• _Description of the task_
Only the lines below from the one containing "Glamorize your smile" through the last line should be set down, exactly as written and with no pictures.

• _Records for this task_

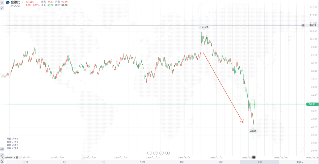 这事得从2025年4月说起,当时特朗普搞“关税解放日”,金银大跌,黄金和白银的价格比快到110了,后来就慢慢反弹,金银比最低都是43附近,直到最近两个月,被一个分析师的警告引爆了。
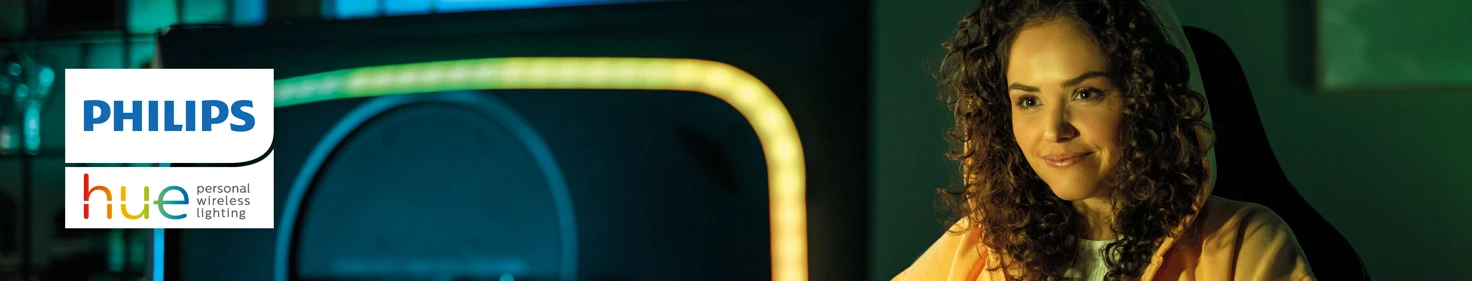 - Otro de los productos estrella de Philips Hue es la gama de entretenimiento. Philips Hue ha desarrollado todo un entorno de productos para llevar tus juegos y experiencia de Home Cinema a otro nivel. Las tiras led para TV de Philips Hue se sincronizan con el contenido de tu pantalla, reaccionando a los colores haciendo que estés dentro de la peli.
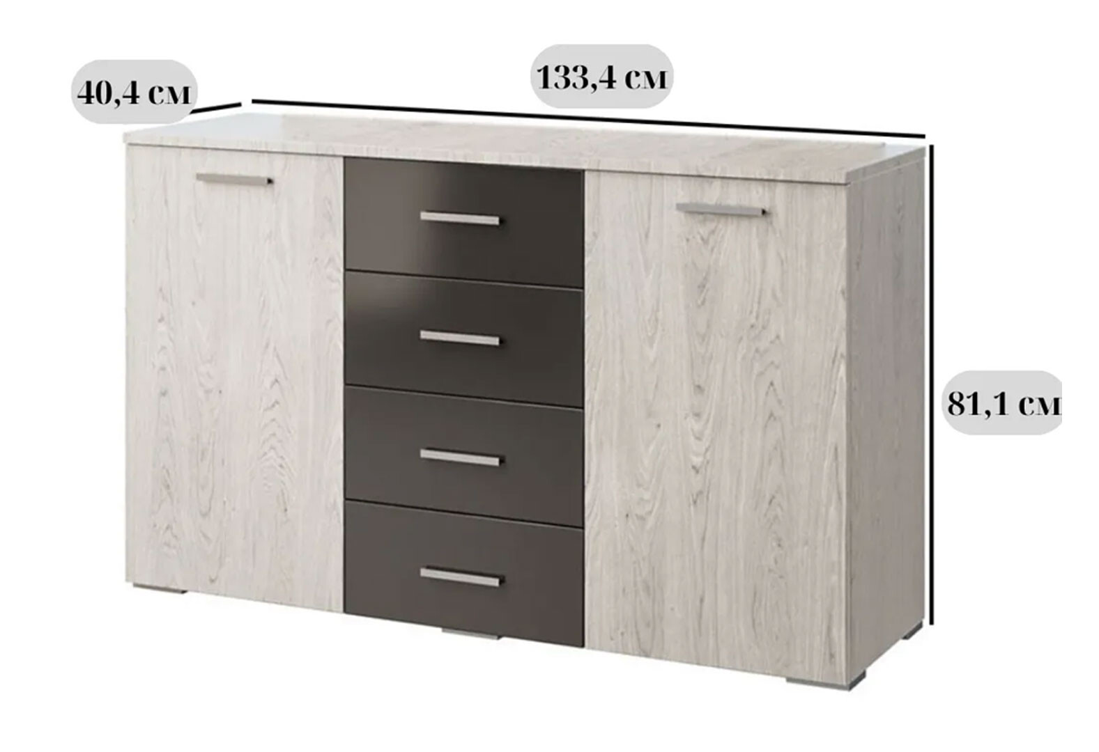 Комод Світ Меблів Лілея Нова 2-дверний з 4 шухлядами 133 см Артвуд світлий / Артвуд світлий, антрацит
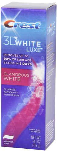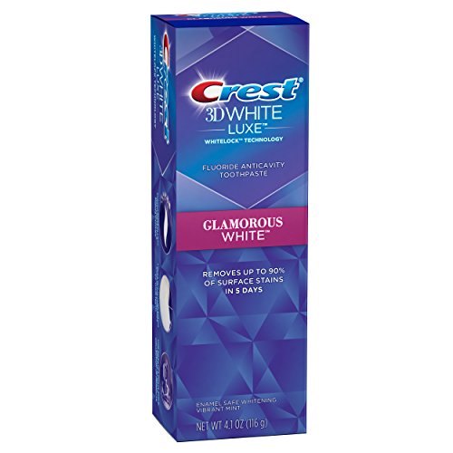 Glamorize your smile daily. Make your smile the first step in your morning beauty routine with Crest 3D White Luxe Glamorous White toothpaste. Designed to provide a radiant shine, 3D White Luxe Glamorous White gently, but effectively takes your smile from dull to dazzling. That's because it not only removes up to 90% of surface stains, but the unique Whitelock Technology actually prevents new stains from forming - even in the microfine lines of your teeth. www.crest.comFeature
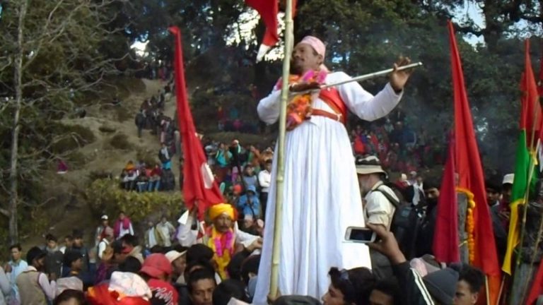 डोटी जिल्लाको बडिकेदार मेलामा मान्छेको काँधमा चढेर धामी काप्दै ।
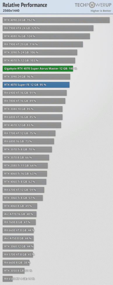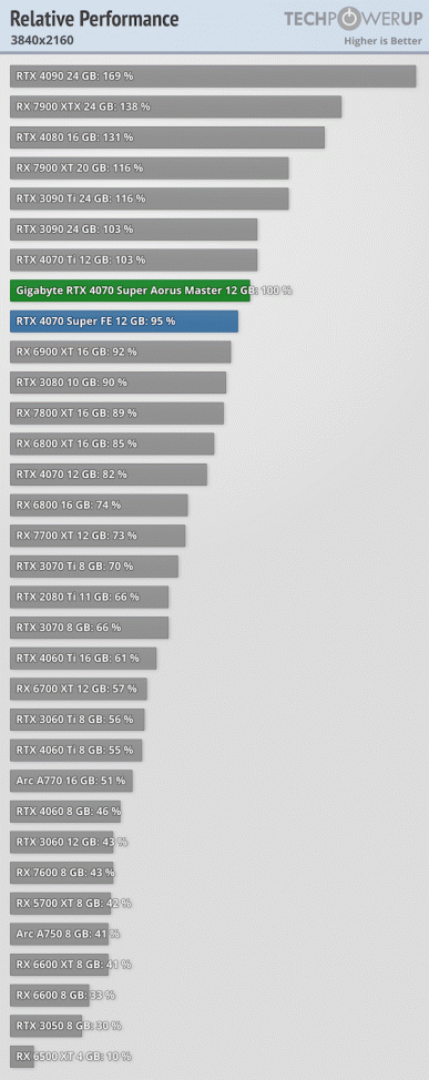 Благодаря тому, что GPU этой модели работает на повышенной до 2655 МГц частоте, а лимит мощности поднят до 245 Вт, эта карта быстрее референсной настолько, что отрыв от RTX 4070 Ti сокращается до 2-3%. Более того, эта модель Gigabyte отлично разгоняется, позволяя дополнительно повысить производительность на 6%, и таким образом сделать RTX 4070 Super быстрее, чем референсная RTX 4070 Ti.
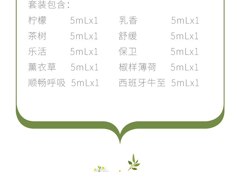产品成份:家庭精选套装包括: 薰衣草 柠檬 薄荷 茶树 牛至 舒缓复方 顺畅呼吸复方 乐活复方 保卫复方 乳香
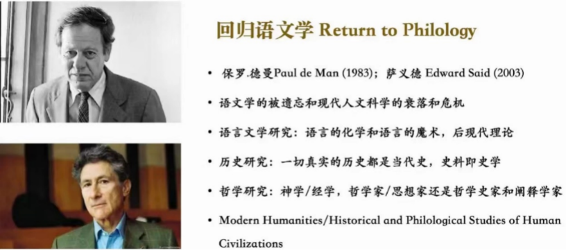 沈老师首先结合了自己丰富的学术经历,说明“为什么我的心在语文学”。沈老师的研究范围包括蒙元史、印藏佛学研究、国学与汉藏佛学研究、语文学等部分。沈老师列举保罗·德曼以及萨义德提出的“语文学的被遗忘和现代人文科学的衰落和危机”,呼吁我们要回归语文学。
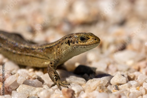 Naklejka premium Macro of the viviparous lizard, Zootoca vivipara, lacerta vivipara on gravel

• _Exercise result_
 Glamorize your smile daily. Make your smile the first step in your morning beauty routine with Crest 3D White Luxe Glamorous White toothpaste. Designed to provide a radiant shine, 3D White Luxe Glamorous White gently, but effectively takes your smile from dull to dazzling. That's because it not only removes up to 90% of surface stains, but the unique Whitelock Technology actually prevents new stains from forming - even in the microfine lines of your teeth. www.crest.comFeature
 डोटी जिल्लाको बडिकेदार मेलामा मान्छेको काँधमा चढेर धामी काप्दै ।
 Благодаря тому, что GPU этой модели работает на повышенной до 2655 МГц частоте, а лимит мощности поднят до 245 Вт, эта карта быстрее референсной настолько, что отрыв от RTX 4070 Ti сокращается до 2-3%. Более того, эта модель Gigabyte отлично разгоняется, позволяя дополнительно повысить производительность на 6%, и таким образом сделать RTX 4070 Super быстрее, чем референсная RTX 4070 Ti.
产品成份:家庭精选套装包括: 薰衣草 柠檬 薄荷 茶树 牛至 舒缓复方 顺畅呼吸复方 乐活复方 保卫复方 乳香
 沈老师首先结合了自己丰富的学术经历,说明“为什么我的心在语文学”。沈老师的研究范围包括蒙元史、印藏佛学研究、国学与汉藏佛学研究、语文学等部分。沈老师列举保罗·德曼以及萨义德提出的“语文学的被遗忘和现代人文科学的衰落和危机”,呼吁我们要回归语文学。
 Naklejka premium Macro of the viviparous lizard, Zootoca vivipara, lacerta vivipara on gravel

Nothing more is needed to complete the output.